Logistic concerns and how the economic downturn will affect the anniversary are weighing on the minds of local residents, who hope to see more tourism.

But there is also the fundamental difficulty of explaining Nara’s ancient history to modern Japanese unfamiliar with the city’s past, and even more difficulty in explaining that history in an interesting and understandable way to overseas visitors.

“Over the past year, two hotels in the city of Nara have closed because of the poor economy. The city is only served by the Kintetsu Line and JR lines to Osaka and Kyoto. More worrisome is that there is not enough English language information on not only the history of Nara but also practical information on getting around Nara, which is quite spread out,” Yonehara said.

Efforts to provide information to foreign visitors do exist. Most major attractions offer English explanations of their history.

Volunteer and paid English language guides to Nara’s main attractions are available for those who call a day or so in advance, although an ever-increasing number of visitors come from China and South Korea.

Maps and information in both Chinese and Korean have recently become available, but prefectural officials admit that although Nara has stepped up its campaign to lure East Asian tourists to the 1,300th anniversary events, there are few local guides fluent in those languages.

Even Japanese visitors to Nara’s more popular destinations often wonder what they’re looking at without guides.

At the Nara National Museum, volunteers explain the different meanings of Buddhist statues on display, although the difficulty of the kanji labels beside many artifacts, especially religious artifacts, is a challenge to those, Japanese or non-Japanese, whose knowledge of Buddhism or ancient Japanese history is limited.

Other tourists prefer to spend their time shopping in the area of Nara known as Nara Machi.

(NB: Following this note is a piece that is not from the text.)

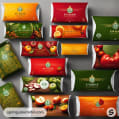 Assorted vegetable-themed pillow packs in various colors and designs.
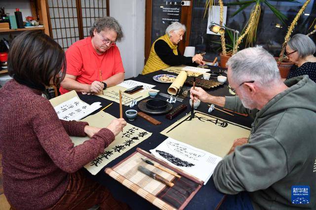 11月19日,在瑞士日内瓦,“乐鱼亭”书法工作室的学员在练习书法。新华社记者 连漪 摄

About a 10-minute walk from Kintetsu Nara Station, Nara Machi consists of several blocks of renovated “machiya” town houses that have been converted into small clothing stores, tea houses and restaurants serving everything from Indian to vegetarian to traditional Nara cuisine.

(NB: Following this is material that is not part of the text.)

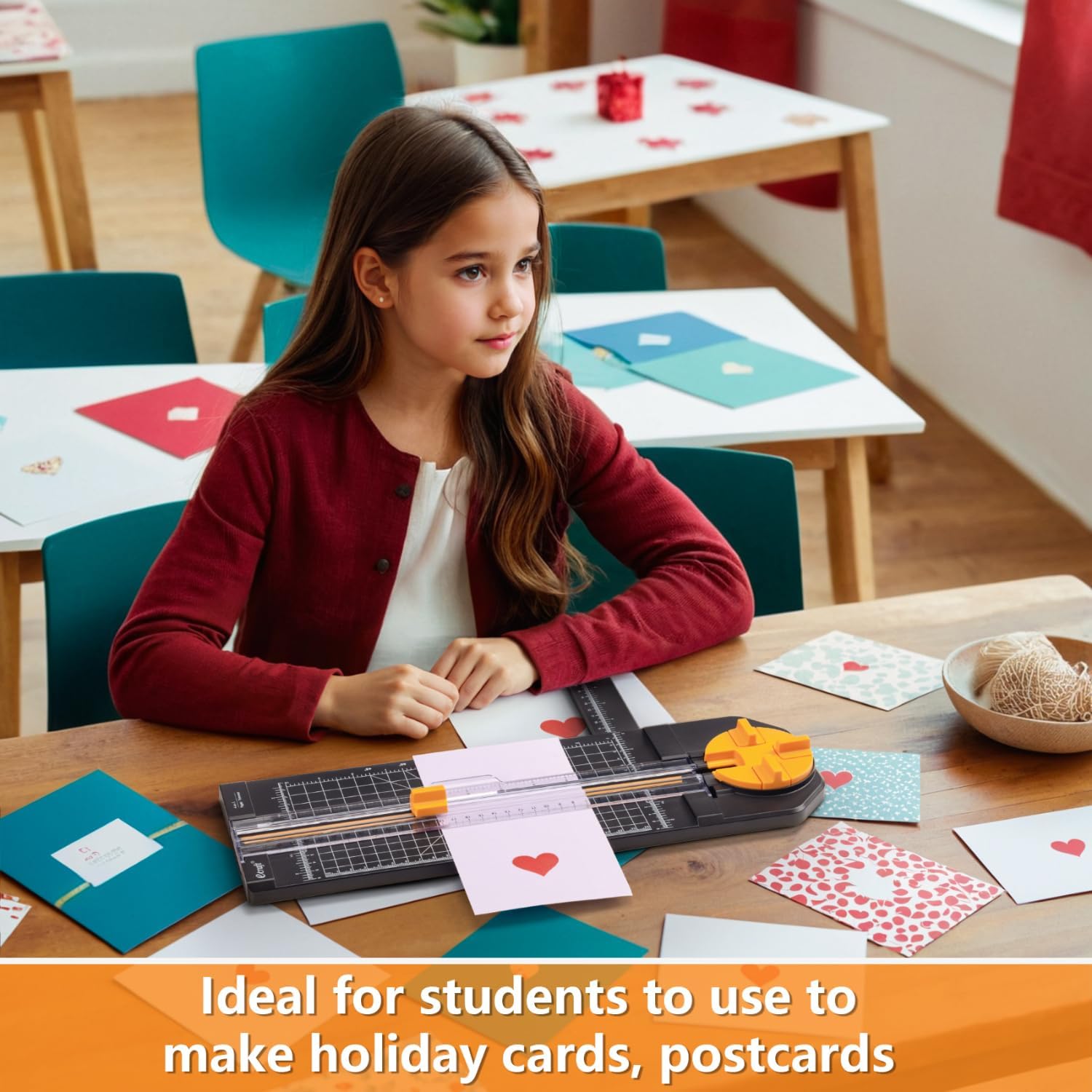 - 【Portable and Safe】Our paper cutter is designed with your safety in mind, the non-slip blade handle makes every cut fast and accurate, safety is required when replacing the blades and rotary cut bar . Children can use it safely with adult supervision, ideal tool for home projects.

Some Nara Machi shops have already adjusted to the influx of foreign tourists.

Kikuoka, a Chinese herbal medicine shop with an 800-year history, provides visitors with an English-Japanese glossary of terms for ordering specific medicines for ailments.

The Sasaya sake shop offers a tasting set of Nara-brewed sake for ¥500, and the owner speaks a little English.

But other shops in the neighborhood are monolingual and are sometimes hidden on back streets, difficult to find and not on the few English maps of the city that are available.

While getting away from the crowds at well-known sites and exploring the “real” Japan by yourself is more than half the fun for many foreign tourists, it’s questionable how much Nara Machi will benefit from foreign tourism related to the 1,300th anniversary celebrations if there is a lack of knowledge in foreign languages about the area’s charms.

Even the symbol of the 1,300th anniversary has caused controversy that may impact the number of visitors or leave a negative impression.

Those in Tokyo, where Nara officials have been concentrating their public relations efforts this past year, or in Nara Prefecture, may have noticed a cute cartoon character with a bald head on promotional posters. This is Sento-kun, the official mascot of the event.

Sento-kun is a boyish, Buddha-like character with antlers, deer being the other symbol of Nara. Designed by Satoshi Yabuuchi, a professor at a Tokyo arts college, Sento-kun drew scorn and criticism from many local residents for being childish and tasteless, while some Buddhist organizations, angry at what they saw as a sacrilegious design, came up with competing mascots.

Several shops have opened in Nara selling Sento-kun goods but a clerk at one of them said recently that, while such items were somewhat popular with those outside the prefecture, few local residents were interested.

Officials still have a bit of time left to build more public support for the events, as the official ceremony to mark the opening of the museums and exhibition halls on the former site of Heijo-kyo isn’t until April 24.